Everyone in the square seemed to be in church. Old Augustin Heller, who almost never leaves his book shop, sat beside his raven-haired granddaughter in her sailor suit. Maia’s head was bent reverently over her missal, but between its pages I distinctly saw the indented contours of a map.

In the same pew as Heller was my neighbour on the other side, Herr Schnee. The saddler is a crusty man who seldom speaks, but is always willing to be helpful if it is deeds not words that are required. I confess that I often envy him his clients: gentle carriage horses, spirited trotters, not one of whom wants to look like Karsavina in The Firebird or Isadora Duncan in bare feet. Beside Frau Schumacher, like crotchets in a descending scale, bobbed the heads of the six little girls…

Father Anselm proclaimed the resurrection. Ernst Bischof (who the day before had stoned a ginger tomcat sunning itself on the sacristy wall) sang the Gloria as though lowered down from heaven for the purpose. And as the service drew to a close, I steeled myself to waylay the vile-tempered concierge, Frau Hinkler, and ask her who it was that played in her attic flat.

I had known she was in church because I had seen Rip outside on the pavement. Fastened to the pretty wrought-iron gate that leads into our churchyard is a notice. It says: DOGS NOT ADMITTED — and Rip knows that this is what it says. Father Anselm, who is so young that his Adam’s apple still juts out above his clerical collar, did not put up this notice; nor — I am entirely certain of this — was it countenanced by God.

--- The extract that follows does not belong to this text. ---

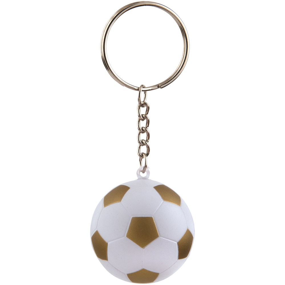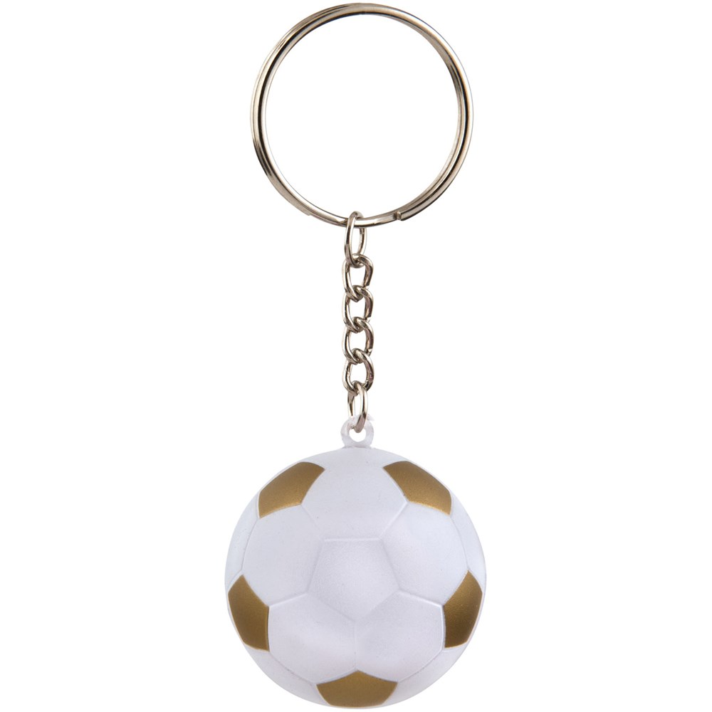 Sleutelhanger in de vorm van een voetbal. Knijp je stress op een sportieve manier weg. Bij anti-stress artikelen kunnen kleine variaties voorkomen in dichtheid, kleur, afmetingen en gewicht die effect kunnen hebben op precisie en uniformiteit van de bedrukking, die ook kan breken. Geen half-tinten. PU foam.

But Rip — a law-abiding Austrian animal — never enters the churchyard and lies with his head between his paws, only emitting occasionally the despairing sighs of those who wait.

I had risen to my feet and was about to accost Frau Hinkler as she stumped down the aisle when I was hailed from behind by Professor Starsky. The Professor had taken great trouble with his toilette. His tussore suit was scarcely crumpled, his tie unspotted by hydrochloric acid — but his eyes were troubled.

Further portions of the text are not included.